### What this task involves:
Everything from the line with "Features three 1967" to the line with "Beautifully cut on" in the listing below, both lines included, needs to be copied exactly, apart from the pictures.

### Input:
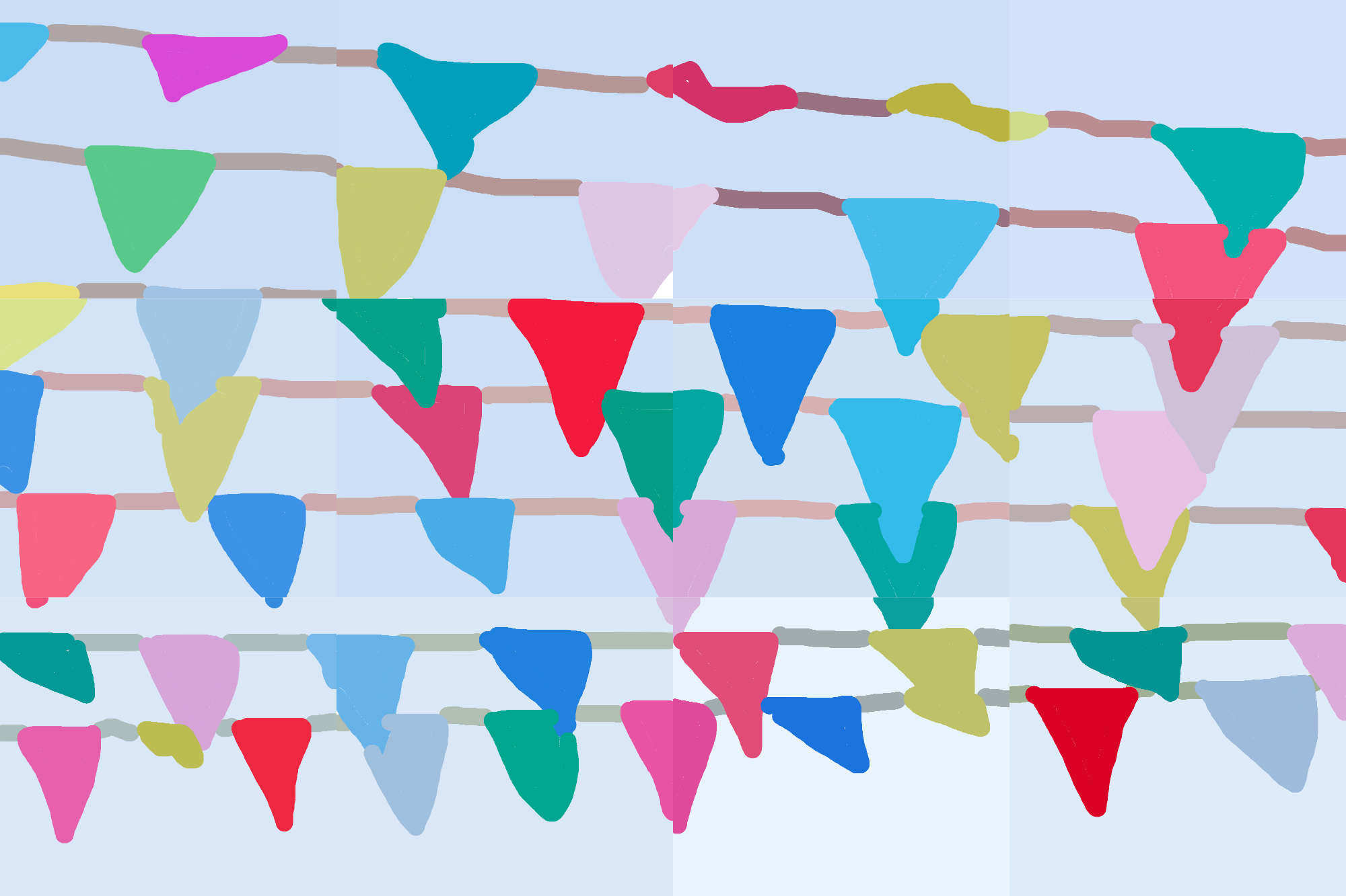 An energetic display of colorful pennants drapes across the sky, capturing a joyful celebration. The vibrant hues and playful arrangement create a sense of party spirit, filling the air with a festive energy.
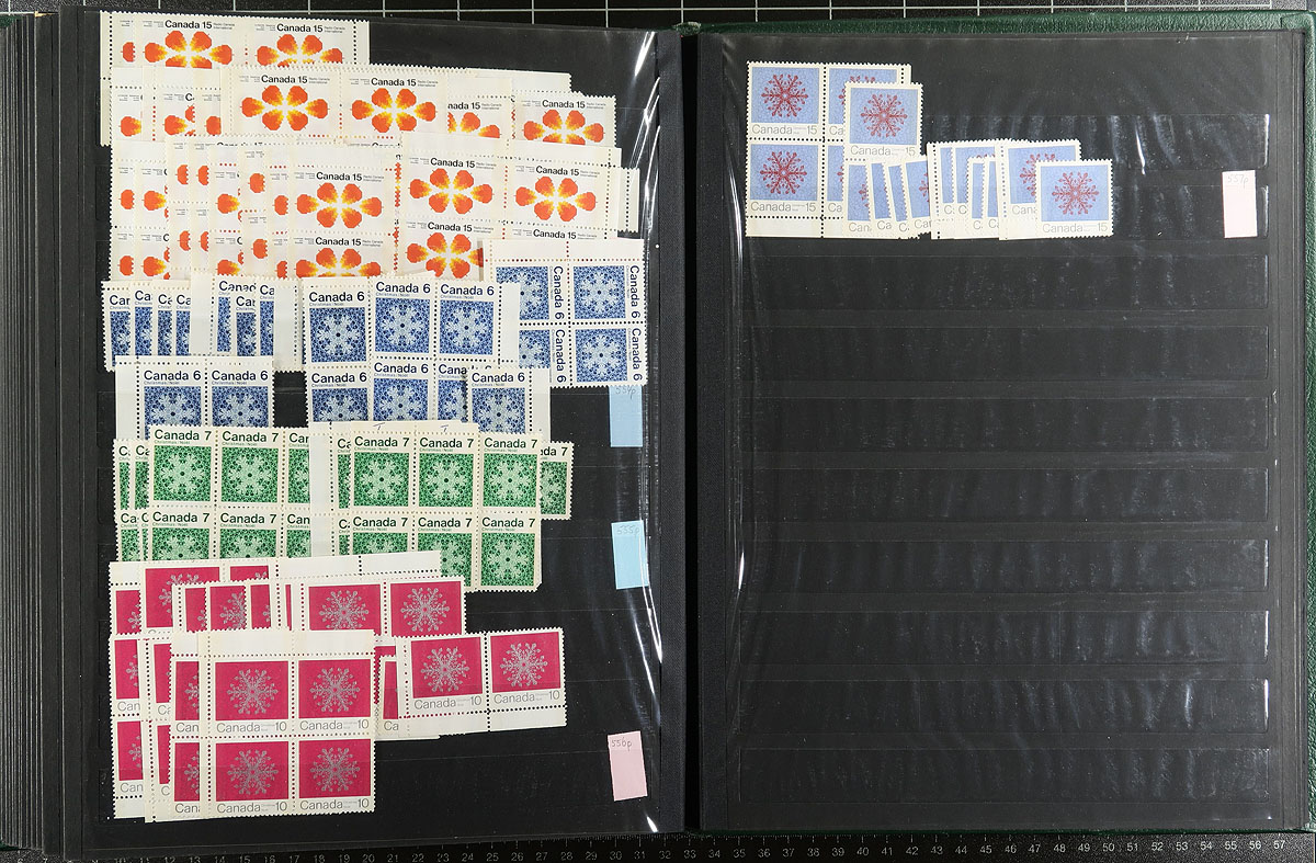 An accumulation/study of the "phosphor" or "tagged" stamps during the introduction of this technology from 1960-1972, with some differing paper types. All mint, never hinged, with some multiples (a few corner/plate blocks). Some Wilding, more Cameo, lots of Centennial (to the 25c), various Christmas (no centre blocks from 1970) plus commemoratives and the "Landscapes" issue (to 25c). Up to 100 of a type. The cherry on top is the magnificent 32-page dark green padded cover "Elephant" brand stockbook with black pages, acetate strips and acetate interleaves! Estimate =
--
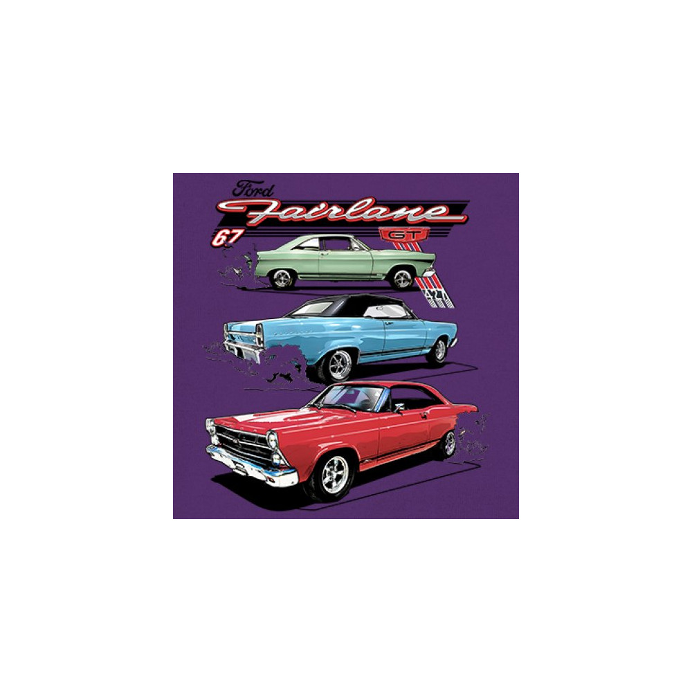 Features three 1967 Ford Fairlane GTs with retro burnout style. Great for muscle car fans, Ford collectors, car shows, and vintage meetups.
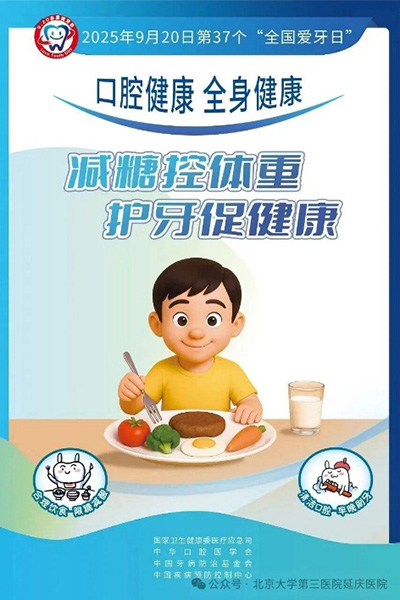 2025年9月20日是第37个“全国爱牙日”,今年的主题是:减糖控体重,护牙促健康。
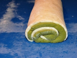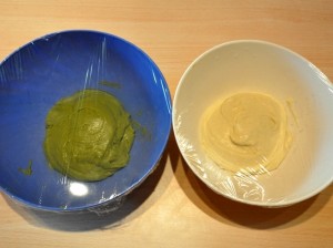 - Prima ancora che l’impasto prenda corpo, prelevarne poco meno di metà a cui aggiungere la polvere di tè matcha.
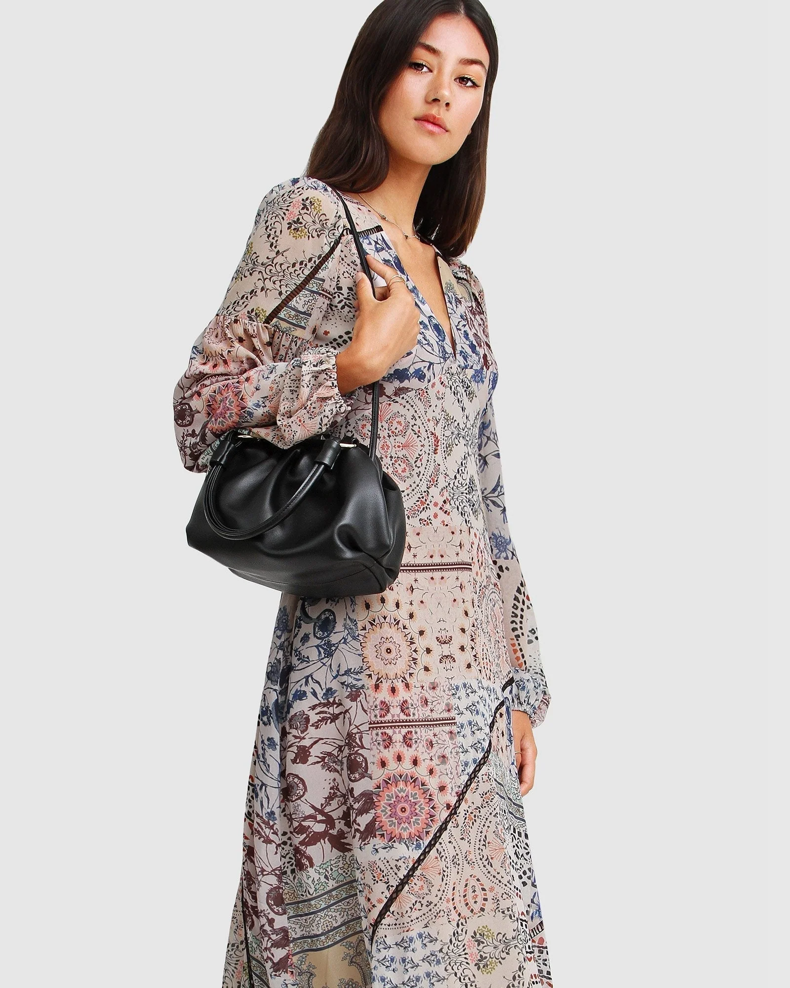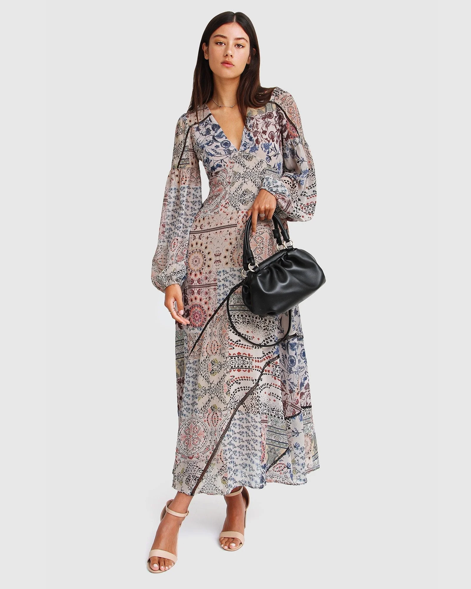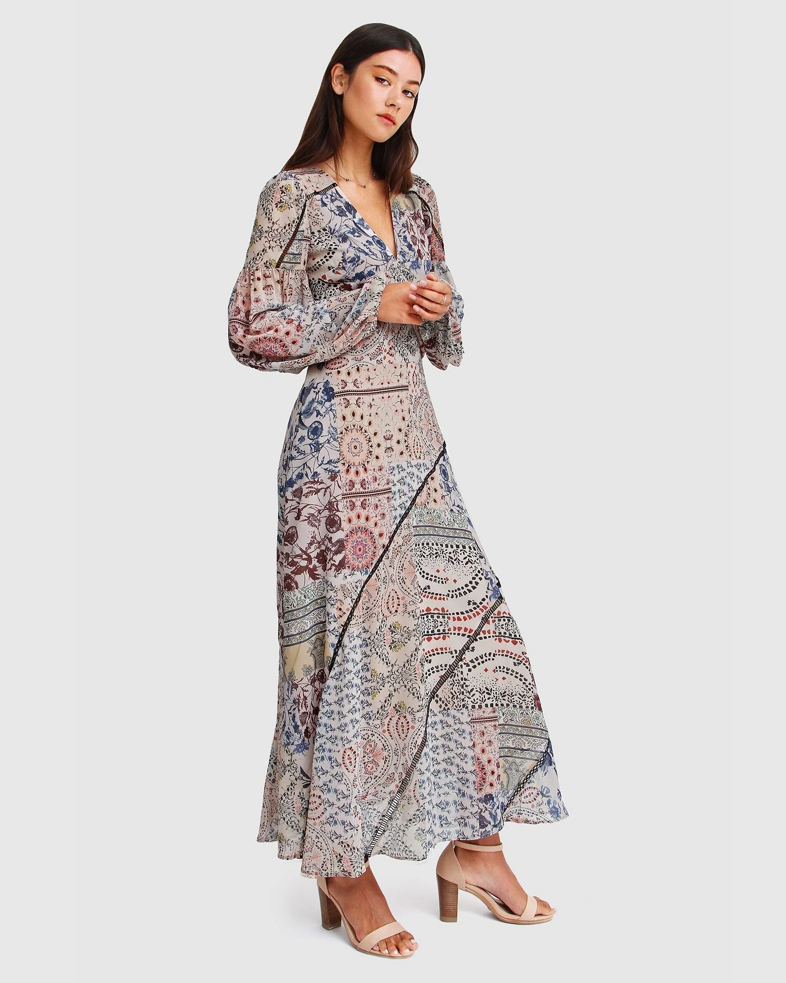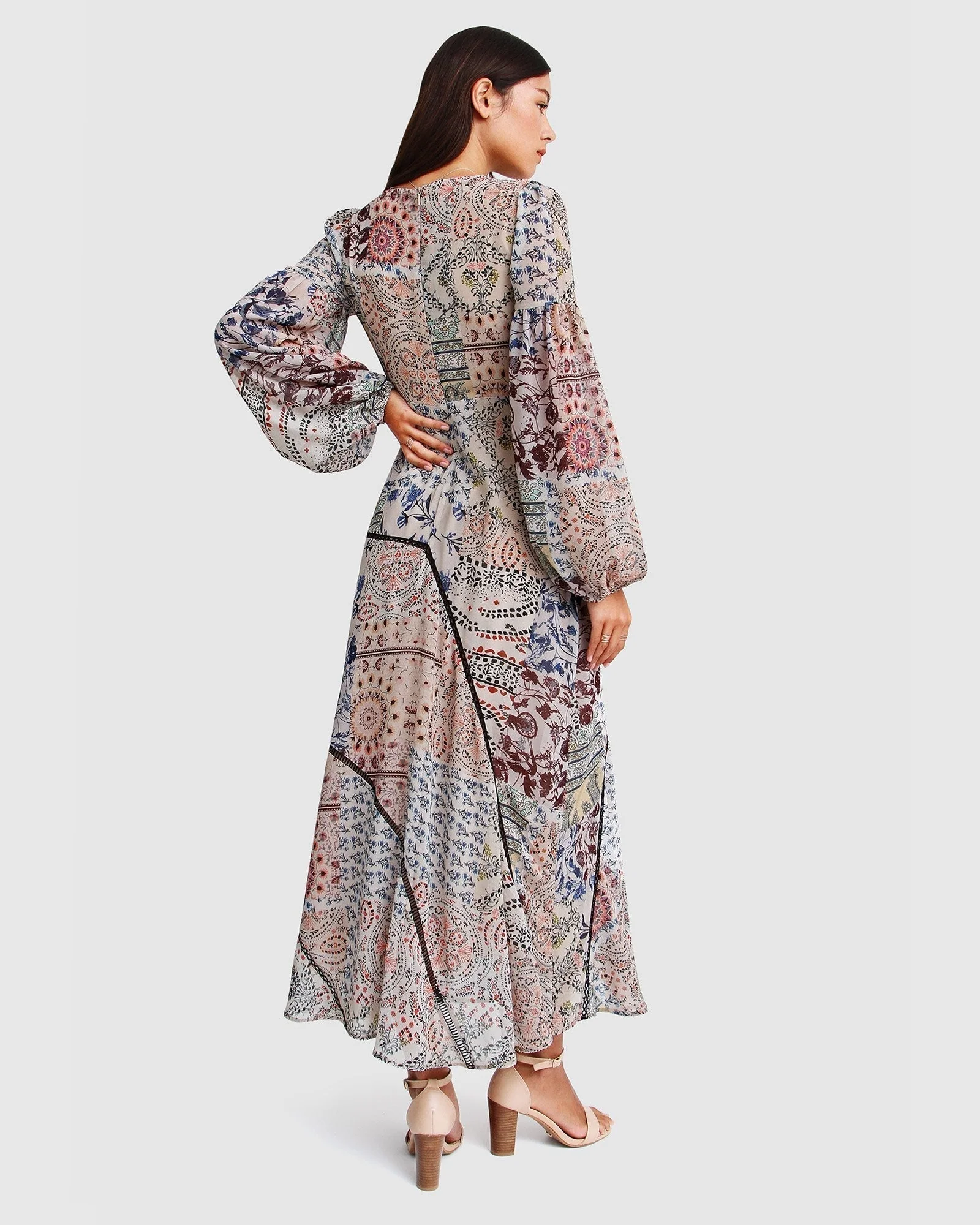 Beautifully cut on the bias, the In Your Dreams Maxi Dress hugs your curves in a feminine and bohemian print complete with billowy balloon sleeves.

### Written solution:
 Features three 1967 Ford Fairlane GTs with retro burnout style. Great for muscle car fans, Ford collectors, car shows, and vintage meetups.
 2025年9月20日是第37个“全国爱牙日”,今年的主题是:减糖控体重,护牙促健康。
 - Prima ancora che l’impasto prenda corpo, prelevarne poco meno di metà a cui aggiungere la polvere di tè matcha.
 Beautifully cut on the bias, the In Your Dreams Maxi Dress hugs your curves in a feminine and bohemian print complete with billowy balloon sleeves.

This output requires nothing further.